Will’s another matter. Sure, he could dash off to a distant castle to cool down or split to a friendly country and engage in some good will tour among former subjects.
But, in this case, being Good Will seems unlikely to ease tension. In fact, always being Good Will is apt to increase it.
He’s not like the rest of us. He can’t storm out of the house and down to the pub to unload on marital difficulties as so many commoners do. Really, a little distance with some friends puts everything in perspective.
If it’s tense at home, I often like to head to the bar, have a pint and engage in distracting arguments with my buddies about pointless things like why the Pirates stink.
The pressure Will and Kate are enduring already seem crushing. I never cease to be amazed at the pressures young couples bestow on themselves by hosting enormous weddings -- and by enormous I mean ones involving about 200 guests -- not guests from 200 countries, as is being reported will attend.
But they have their silly protocols. It’s a national event, one that’s swept around the world in an appalling hype tsunami.
I have vain recollections about our 1996 wedding. It was perfect.
We had a small family wedding in our little church, then a quiet dinner with family at one of our favorite restaurants.
Then the next day we had an “All Honest Strangers Welcome” pig roast at a local picnic park.

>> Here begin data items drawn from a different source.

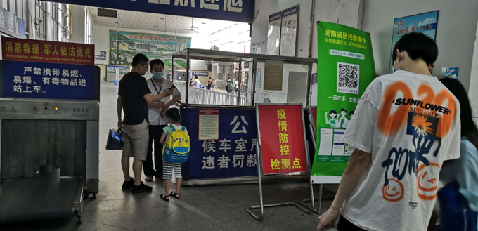 是七月上旬,位于紅旗廣場(chǎng)的湘運(yùn)中心汽車站似乎還沒(méi)有恢復(fù)元?dú),即使周末,乘客也是寥寥無(wú)幾,唯有候車室的大屏幕播放著疫情防控的宣傳。
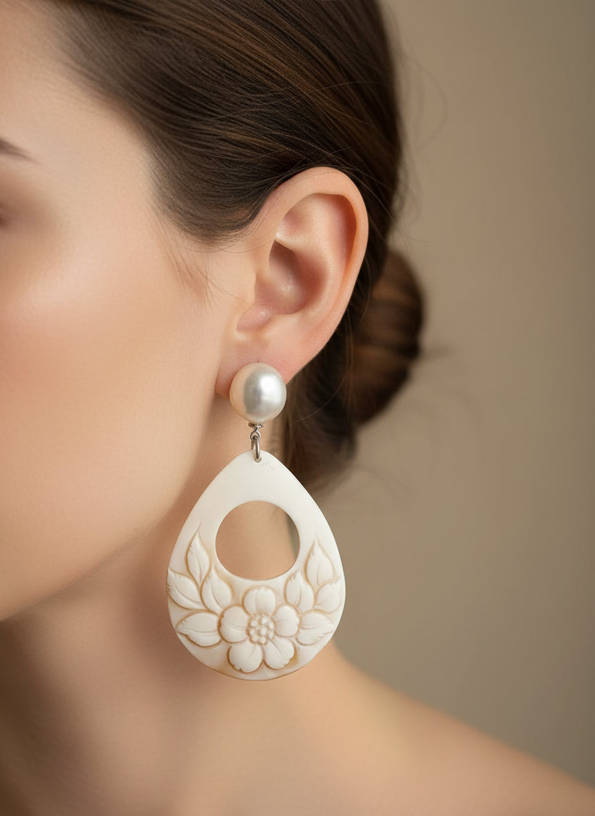 Orecchini in Cammeo incisione "Fiore"
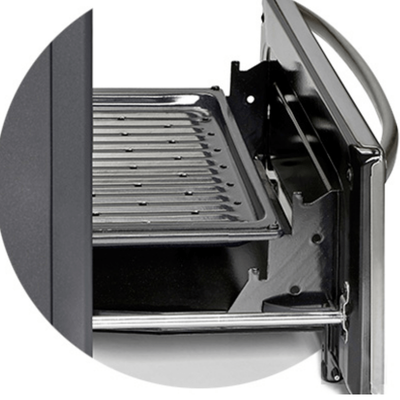 También incluye un cajón parrilla deslizable que permite cocinar y gratinar por radiación en tres diferentes posiciones. Además posee grill eléctrico.

Anyone was welcome who would by attending pledge to at least try not to steal our stuff. We found that people, even outlaws, are generally respectful if you tell them they’re welcome to party, get pie-eyed, and eat for free if they agree to not steal towels, envelopes or glassware from the gift table.
I guess about 250 friends and honest strangers showed up.
That’s where one of my old friends pulled me aside and told me to always argue naked.
While I’ve never applied the wisdom to my own marriage, I have without fail passed it on to every bride and groom I’ve met since that splendid September day.
One of these days I really ought to try it with Val. But it’s a nerve-rattling proposition for a shy sort of guy like me.
Maybe I ought to test drive it elsewhere first.